Casting back, and drawing on his experience playing and recruiting far and wide, Ryan says it was commonplace to see “someone hanging around the club who had an obvious intellectual disability, who would have just loved to put a footy jumper on and get out and play. That’s who we started catering for.” Teams were generally run by councils and agencies in the early days, and a key to growth has been having clubs take a FIDA team under their umbrella just as they do juniors, women and veteran’s sides.

“These people add to your footy club – they can run water, fill in for the reserves, and they just bring more people to your footy club,” Ryan says. Klemm concurs, recalling that when he first became involved there were very few FIDA players who would have held their own in a mainstream football club, but now Williamstown has a handful of players who regularly turn out for North Sunshine, and in Corey Murphy a 200-game player with Airport West in the Essendon District league.

The rise in standard has parallels with AFL Women’s, which made such a splash through February and March you could have been forgiven for thinking women only started playing the game in 2017. The reality is that exposure to professional training and coaching will continue to improve women’s football at a rapid rate, just as playing and training regularly lifts the level of FIDA football.

The range of abilities is naturally vast, with Ryan noting that the higher functioning players drive cars, have full-time jobs and enjoy far greater independence than some of their teammates. “At the other end of the scale we’ve got players who, as their coaches would say, haven’t had a kick for six years but just love putting the jumper on and running on the field. Bev Young sees the rewards regardless, where even travelling to games in a bus full of Whippets is an experience in joyful inclusion.

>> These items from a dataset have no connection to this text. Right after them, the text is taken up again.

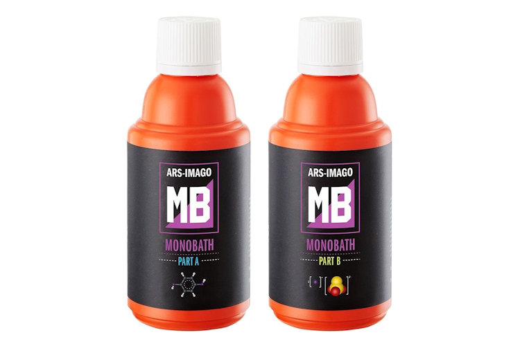 «Monobath» besteht aus Teilen, die in getrennten Flaschen geliefert werden. Durch das Mischen von Teil A mit Teil B ist die Chemie einsatzbereit und reicht zur Entwicklung von 8 bis10 Filmen pro Arbeitslösung innerhalb von fünf Tagen. Monobath kann auch für eine grössere Lösungsmenge mit einer 1:1 Verdünnung mit 2 Teilen Wasser, einem Teil A und einem Teil B verwendet werden. Dann verlängert sich die Entwicklungszeit um etwa zwei Minuten.
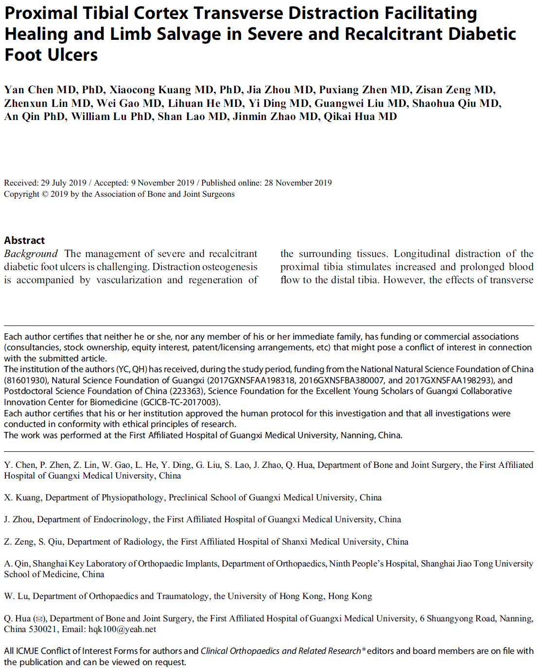 2020年4月1日,广西医科大学第一附属医院骨科赵劲民、花奇凯教授团队在骨科顶级期刊《Clinical Orthopaedics and Related Research》(IF=4.154)发表了题为“Proximal Tibial Cortex Transverse Distraction Facilitating Healing and Limb Salvage in Severe and Recalcitrant Diabetic Foot Ulcers”原创性临床研究成果,并同期发表评论文章。
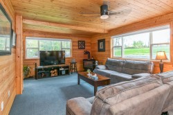 Calling all car enthusiasts! Are you looking for a unique property that’s private, peaceful, & has room for all your toys? This one-of-a-kind home sits on 4.26 acres in desirable Glen Valley. Featuring a huge 39' x 23' garage, plus three additional outbuildings, all with power & plenty of open parking. The home offers interlocking pine wood panel walls, an updated kitchen with SS appliances & a gas stove, newer windows that capture beautiful natural light & views of the property, carpet, an alarm system, a newer washer/dryer, a newer hot water tank, & a generator. The primary bedroom is impressive, boasting vaulted ceilings, over 500 sq. ft. of space, a spacious walk-in closet, & an ensuite with a Jacuzzi tub. Enjoy summer evenings relaxing on your private balcony. Downstairs includes a ga
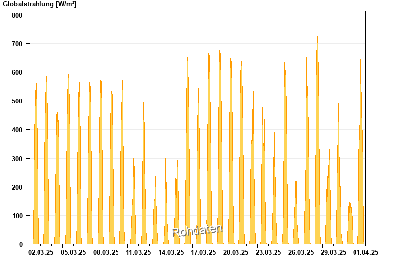 Global radiation from 02.03.2025 to 01.04.2025
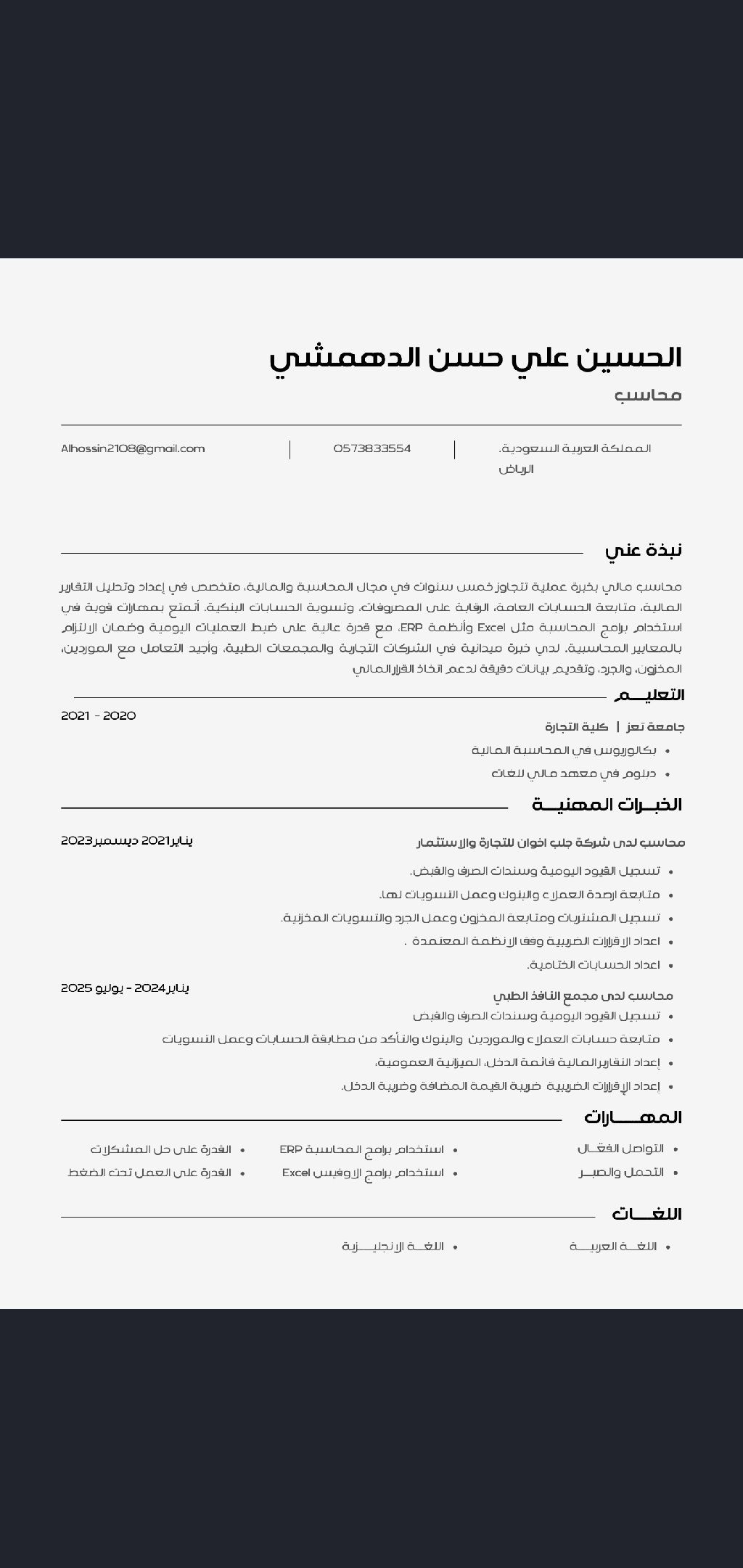 أنا الحسين علي محاسب عام بكالوريوس جامعة تعز خبرة خمس سنوات بمجال المحاسبة والكاشير أتميز بالقدرة على العمل تحت الضغط والتعامل مع العملاء بشكل راقي وأسلوب مميز واحترافي وقدرة على جذب العملاء أتمتع باللباقة وحسن الخلق

FIDA’s evolution from a small, volunteer run competition, through a partnership with the Victorian amateurs to, since 2015, being run by AFL Victoria has been critical. FIDA remains an incorporated body with input into how the game is run, but with AFL backing there is now a manager overseeing FIDA football nationally. “With one team you can have the best player in Australia potentially playing with some players who may not move or get a kick for a season or two,” Rob Klemm says, noting how complex that can be for coaches to ensure everyone is enjoying their football. His point was backed up at the 2016 national championships, where Klemm coached Vic Metro and Willy’s Kelvin O’Connor was named captain of the All-Australian team. “We’ve got that range – the best player in Australia in disability football, right down to players who are very happy just to touch the ball during a game.”

A women’s division is firmly in FIDA’s planning, with girls currently playing alongside boys in the regular competition. As Klemm says, football’s beauty is that when you pull on the jumper it doesn’t matter who you are – you’re part of the team. “In lots of ways in life these people get discriminated against, but when they go to an AFL game and they’re wearing their team’s jumper, they’re just the same as any other Collingwood or Richmond supporter or whoever it might be. You’re part of the tribe. That’s something our players don’t get a lot of, that acceptance.”

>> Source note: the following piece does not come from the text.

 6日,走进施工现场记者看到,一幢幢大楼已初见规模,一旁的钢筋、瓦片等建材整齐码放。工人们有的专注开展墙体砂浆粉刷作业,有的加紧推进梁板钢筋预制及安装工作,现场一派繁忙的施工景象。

Peter Ryan is rightly proud, and says he and his wife now concentrate their efforts on fundraising, a constant battle for any sporting club or organisation. Three or four major functions are held each year, and on March 25 the new season will be launched at the Yarraville Club. Ryan’s mission is to find more volunteers. “I turn 70 next year. We could do with a few more helpers.”

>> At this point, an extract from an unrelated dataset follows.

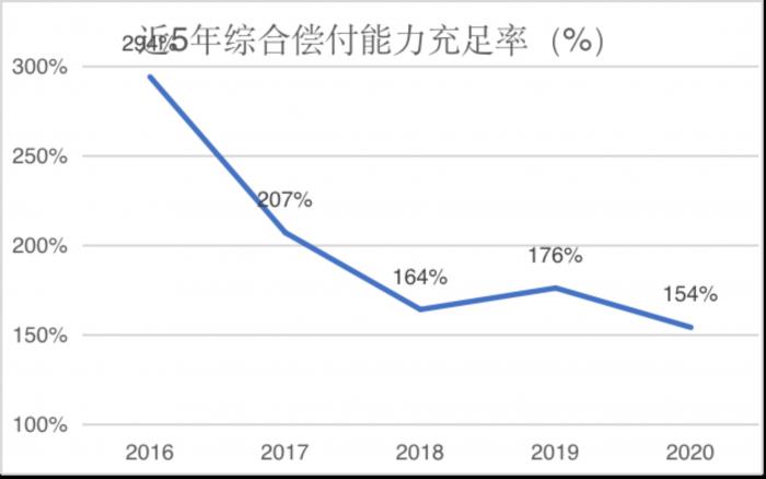 此外,对于长生人寿的偿付能力,近5年综合偿付能力充足率持续走低至154%。

Up in the Wimmera, Bev Young is trying to keep tabs on her footballing sons; five of her six boys are still playing and a grandson is in the Minyip-Murtoa juniors. There was a time not so long ago when she wouldn’t have been able to count 24-year-old Lachie among them. Thanks to the Whippets – who also boast a netball team, and this season will wear new jumpers boasting a big yellow ‘W’ and a whippet’s head – he’s no longer left behind.

“Some of them would never, ever, ever have dreamed of playing a game of footy in the past, they just wouldn’t have been able to,” Bev says. “Just to be out there and be part of the team, it’s wonderful.”